The next president needs to send a clear signal to the world that America has turned the corner and will once again be a leader rather than a unilateralist loner. To do this, the new president must first end the Iraq war. We need to withdraw all our troops and embrace a decisive new political strategy that engages all the nations of the region, as well as the international donor community. Only when we have done this can we begin the hard work of rebuilding our military and our alliances and restoring our tarnished reputation—so that we can move forward and lead the world in addressing urgent global problems.
THE NEW CHALLENGES OF A NEW CENTURY
Getting out of Iraq and restoring our reputation and leadership capacities are necessary first steps toward a new strategy of U.S. global engagement and leadership. But these steps alone are not enough. To address new problems effectively, we must first understand them in all of their complexity. We must question old assumptions, break old paradigms, and embrace new approaches equal to our new tasks. Six trends are transforming the world today.
The first trend is fanatical jihadism bursting from an increasingly unstable and violent greater Middle East. This trend had been growing for years, but the invasion and collapse of Iraq have greatly fueled its rise. A second trend transforming the world (in ways still not well understood by the public) is the growing power and sophistication of criminal networks capable of disrupting the global economy and trafficking in WMD.

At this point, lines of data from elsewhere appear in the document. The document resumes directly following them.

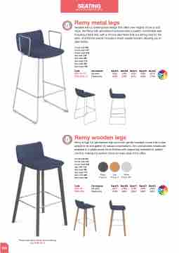 Remy is high full upholstered high stool with gentle moulded curves that invites people to sit and gather for casual conversations. Arm and armless models are available in multiple wood frame finishes with supporting footrests for added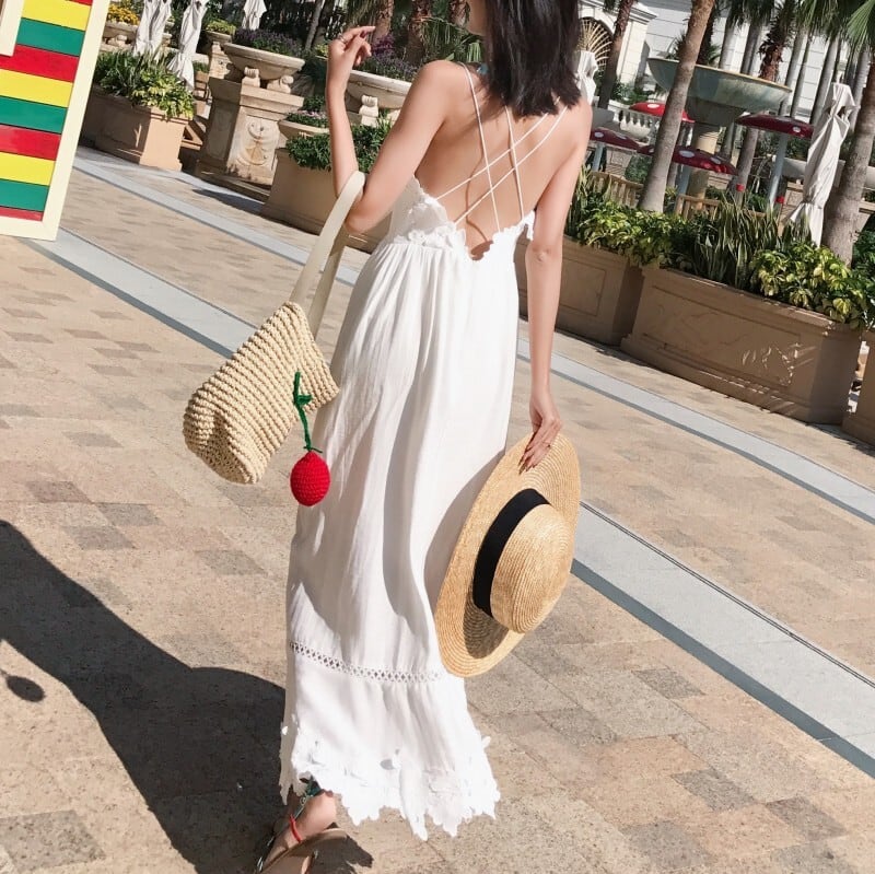 背中が開いたバックスタイルが色っぽいロング丈ワンピース。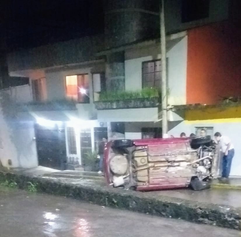 Un joven resultó lesionado tras la volcadura del auto en el cual viajaba, sobre una calle de la colonia Obrero Campesina, municipio de Xalapa.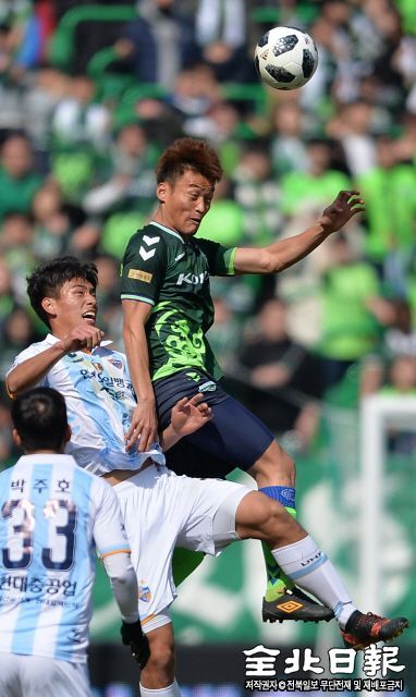 ▲ 내꺼야 2018 프로축구 KEB하나은행 K리그 전북현대와 울산현대의 개막전 경기가 열린 1일 전주월드컵경기장에서 선수들이 공중 볼 경합을 벌이고 있다. 박형민 기자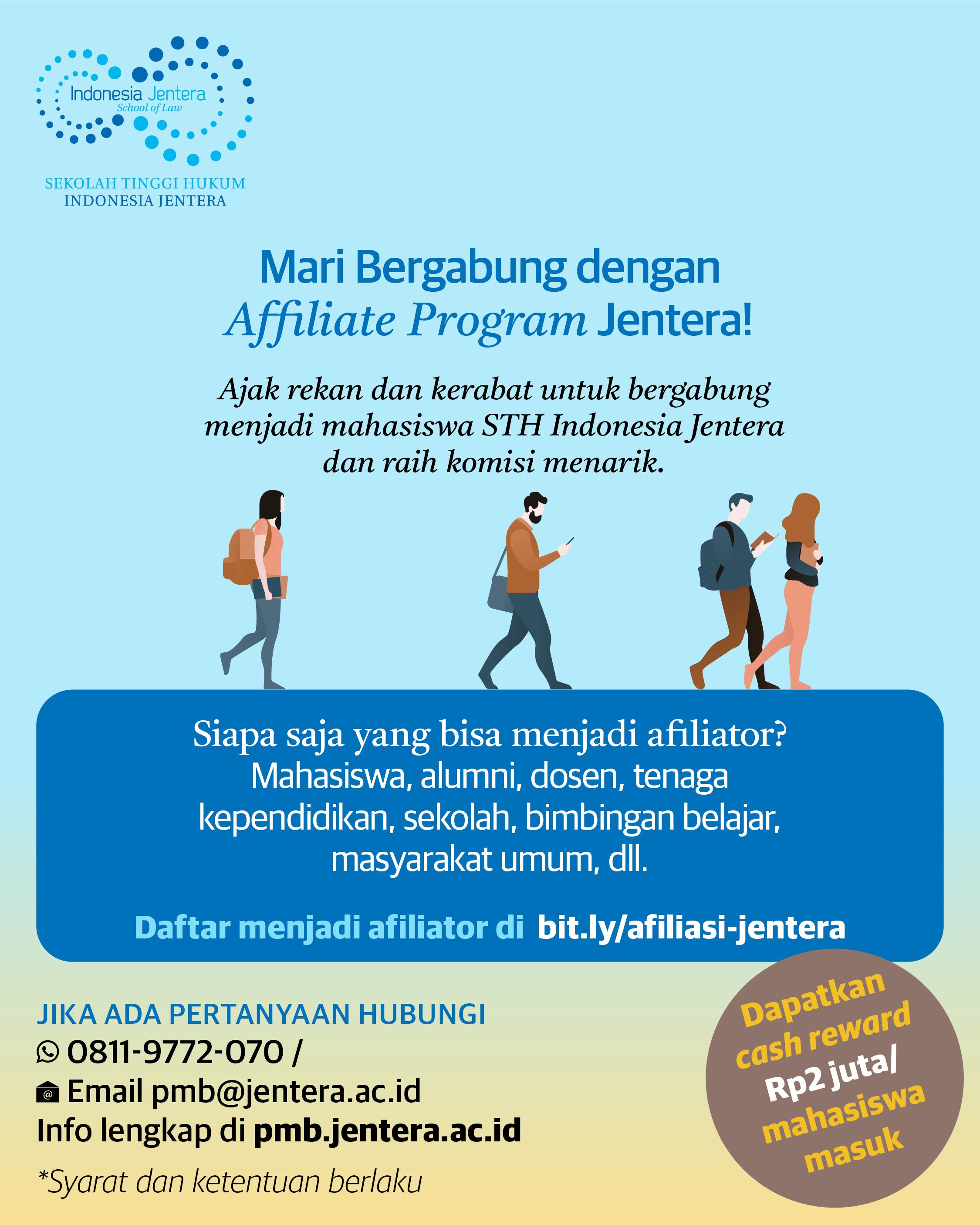 Ajak rekan dan kerabat untuk bergabung menjadi mahasiswa STH Indonesia Jentera dan dapatkan komisi sebesar Rp2 juta/mahasiswa masuk.

Together, these two trends raise the frightening specter of nuclear terrorism. We know that al Qaeda has tried to acquire nuclear weapons and that the Pakistani nuclear scientist A. Q. Khan sold nuclear technology to rogue states. We know that parts of the former Soviet nuclear arsenal still are not secure and that nuclear materials are scattered around the world in dozens of countries and hundreds of locations, some of them no more secure than a grocery store. The proliferation of nuclear weapons to new countries, especially North Korea, has further increased the opportunities for jihadists to obtain them, as has the diffusion of nuclear energy technologies that can be converted for use in weapons programs. Iran, a nation with close ties to the world's most skilled terrorist organization, Hezbollah, is enriching uranium. And al Qaeda has said that it wishes to kill four million Americans, including two million children. In its madness, it claims that such a slaughter of innocents would "balance the scales of justice" for crimes that it alleges we have committed against Muslims. We would be mad not to take it at its word.
A third trend transforming the world is the rapid rise of Asian economic and military power. India and China are destined to be global powers in the decades ahead—one as a democracy, the other not. And a fourth trend is the reemergence of Russia as an assertive global and regional player with a large nuclear arsenal and control over energy resources—and one tempted by authoritarianism and militant nationalism. The rise of India and China and the reemergence of Russia call for U.S. strategic leadership to integrate these powerful nuclear-armed nations into a stable global order.
A fifth trend transforming our world is the increase in global economic interdependence and financial imbalances without the sufficient growth of institutional capacities to manage these realities. Globalization has made every country's economy more vulnerable to resource constraints and financial shocks that originate beyond its borders. A global energy crisis or a sudden collapse of the U.S. dollar could do great damage to the world economy.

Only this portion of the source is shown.